I'm a bit stuck with a problem here and any kind of help would help a lot :)

Just to give a clue about my data. I have 6 independant variables (IV) which are:

• $$X_1$$ = Population -within a block-
• $$X_2$$ = Households -within a block-
• $$X_3$$ = Total Rooms -aggregated-
• $$X_4$$ = Total Bedrood -aggregated-
• $$X_5$$ = Median Income
• $$X_6$$ = Ocean Proximity [Categorical]

and my dependant variable (DV) is $$Y$$ = Median House Price.

I ran a regression including all IVs but there is a violation for almost all OLS assumptions in addition to huge multicollinearity. Here are the residual plot and normality plot before any adjustments.

What I did then is transform all my IVs and my DV using the Box-Tidwell method which I think it is not the correct way of solving the issue so this is my first question what can I do to solve the normality issue?

The other problem is that even after transforming all variables I still have an issue in my residual plot which is the main problem here. I have a linear pattern on the graph that I don't know how to solve. I run my DV against each IV separately and still have the same issue. Here is the graph for the transformed model.

• The line shows that there is a hard upper bound on median home price. So perhaps the data refer only to blocks where the median is less than a certain value? If so you need to revise the model to account for this specific truncation. Better yet, get the full data without the truncation. Commented Dec 28, 2021 at 11:49
• Having the x and y scales be the same would make it more clear what's going on. Commented Dec 29, 2021 at 3:56

Just to help you understand what you are looking at a bit better on your residual plot, your data looks something like this:

Your model is fine until the price gets capped; then you need to determine whether the rest of the model is valid or not. The capped price has to be due to unrecorded data above that price because you would not expect to see data like that in reality for your particular problem. So then you have to think about what the data looks like above that price. It may be that the linear relationship no longer holds once you go above the grey line and this would be a limitation of using a linear model here. The data may curve and flatten off in reality, in which case a logarithmic curve would fit much better, so it would be unwise to predict data above that line with a linear model.

Also, do you care what happens above the grey line, or do you only need the model for the part where the model is valid? If you are only interested in the portion of the model that is valid, then you don't need to worry about the rest. These are some of the things you might want to think about.

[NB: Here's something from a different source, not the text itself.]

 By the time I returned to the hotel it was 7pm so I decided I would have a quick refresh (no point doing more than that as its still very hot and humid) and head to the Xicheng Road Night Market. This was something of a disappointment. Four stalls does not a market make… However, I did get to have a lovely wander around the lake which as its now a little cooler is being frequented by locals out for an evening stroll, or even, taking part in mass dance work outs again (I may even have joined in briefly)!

• how did you see/derive that? The normality plot doesn't look bad (?) so do you conclude from the residuals ~ predicted?
– Ben
Commented Dec 29, 2021 at 7:34
• @Ben I assume you mean how did I see the shape or that data? If so, it actually really easy. If you look at the residual plot, the horizontal line where the residual is equal to zero is the linear model. So the residual plot is essentially just a rotation of the linear model. If you rotate my drawing so that the purple line is horizontal, you are looking at the residual plot. This is only true for the 2 dimensional case where you have X and Y. When you have 6 X's like this question, the data will look like this, but it's in 6 dimensions so I cannot draw that, but the cap is still be there. Commented Dec 29, 2021 at 12:12
• well, that was surprisingly easy, indeed. Thank you! :)
– Ben
Commented Dec 29, 2021 at 12:18

Residuals following a linear boundary are typically the result of a ceiling effect or a floor effect. If your sample is large enough, the results are biased only slightly (note that linear models are quite robust to normality violations if you are working with a large sample, unlike, for example, homoskedasticity violations ).

Basically, you have two options. You can use a different model (e.g. lognormal regression, Poisson regression, depending on the specific data), or you can ignore the problem and rely on the fact that the results are only slightly biased since you have a large data set.

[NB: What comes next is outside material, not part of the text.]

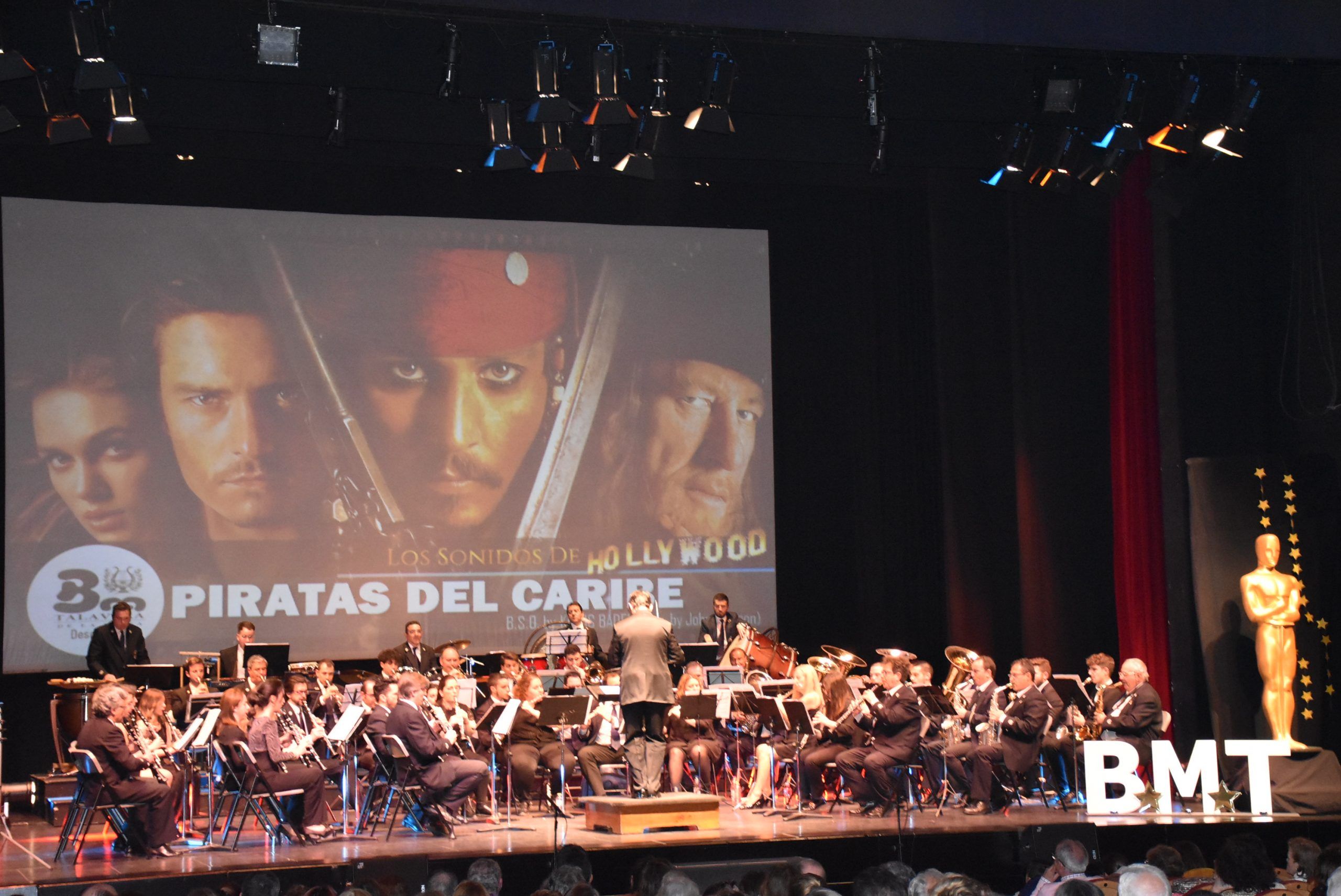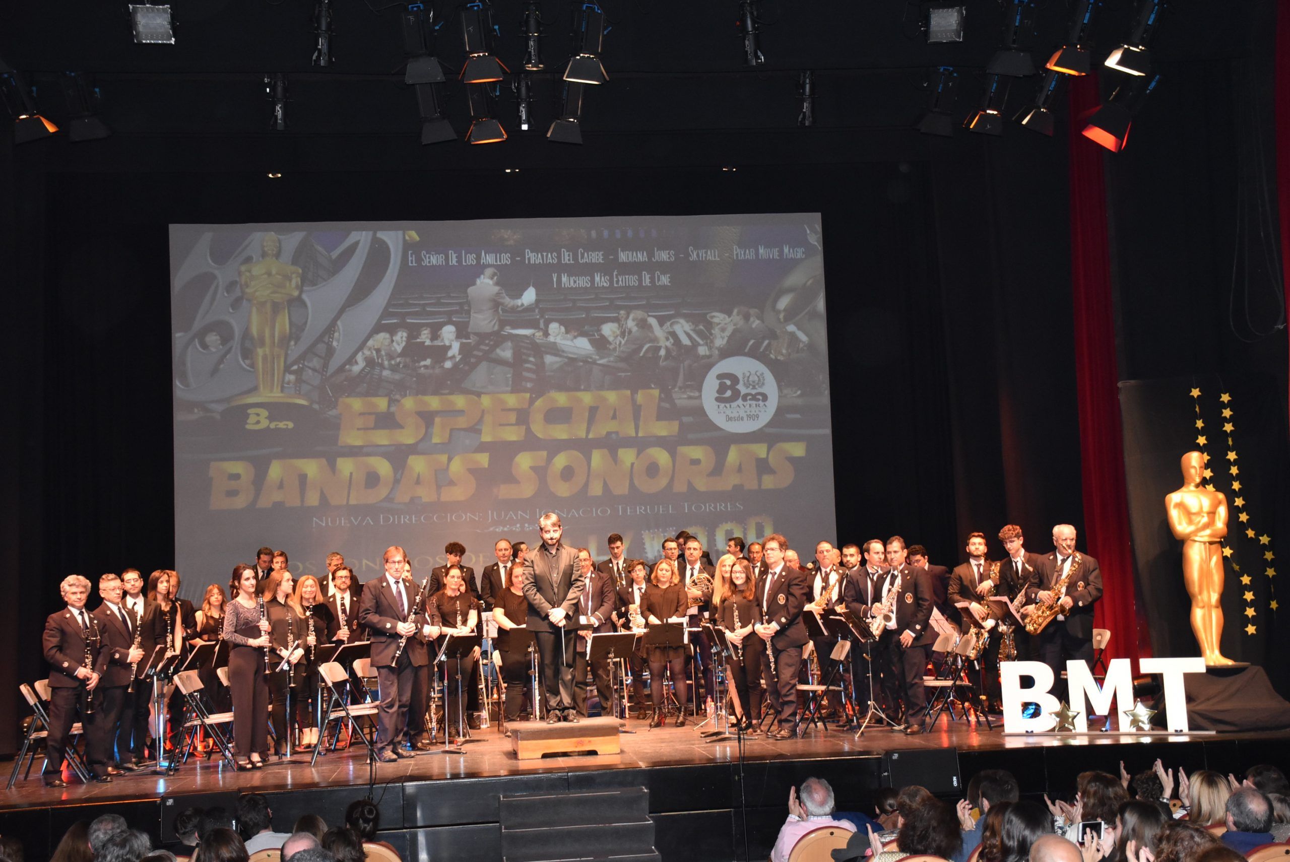 La Banda de Música de Talavera de la Reina bajo la nueva dirección de Juan Ignacio Teruel, ofreció el domingo 1 de Marzo un excepcional tributo al cine y a sus bandas sonoras, en un Teatro Palenque totalmente lleno, para disfrutar de un género que apasiona a todos los públicos. No pudo tener mejor estreno la nueva andadura de la Banda talaverana, que ahora bajo la batuta de Teruel, pretende ofrecer otros géneros y experiencias musicales, al público que desde hace años, sigue a esta agrupación musical tan arraigada en la Ciudad de la Cerámica. El tributo a las bandas sonoras del cine denominado Los sonidos de Hollywood, ofreció un escogido repertorio donde no faltaron piezas de películas como Superman, El señor de los Anillos, Aladdin, El Padrino, Indiana Jones, Jurassic Park, Skyfall, Piratas del Caribe o la oscarizada La La Land. Además, los músicos de la banda interpretaron magistralmente dos homenajes dedicados a las mas representativas bandas sonoras del insigne compositor Ennio Morricone, y a la saga Star Wars. La épica y archiconocida canción de la película de Stallone Rocky, cerró el telón de una gran velada dedicada a la música del cine.

I'm not sure why the linear model, with its many assumptions, was chosen as the default model. Ordinal semiparametric models are very efficient and are invariant to how Y is transformed. They allow for floor and ceiling effects, bimodality, and any other kind of distributional quirks you can throw at them. The most popular semiparametric models are the proportional odds and proportional hazards models.

I would also not want to assume up front that the continuous predictors operate linearly. I'd expand them using regression splines such as restricted cubic splines (aka natural splines). A detailed case study may be found in Chapter 11 of the RMS course notes.

Regarding the linear pattern: this happens frequently when your response takes the same value for a number of observations. For those observations, $$(y-pred)$$ is of course a linear function of $$pred$$, as $$y$$ is constant.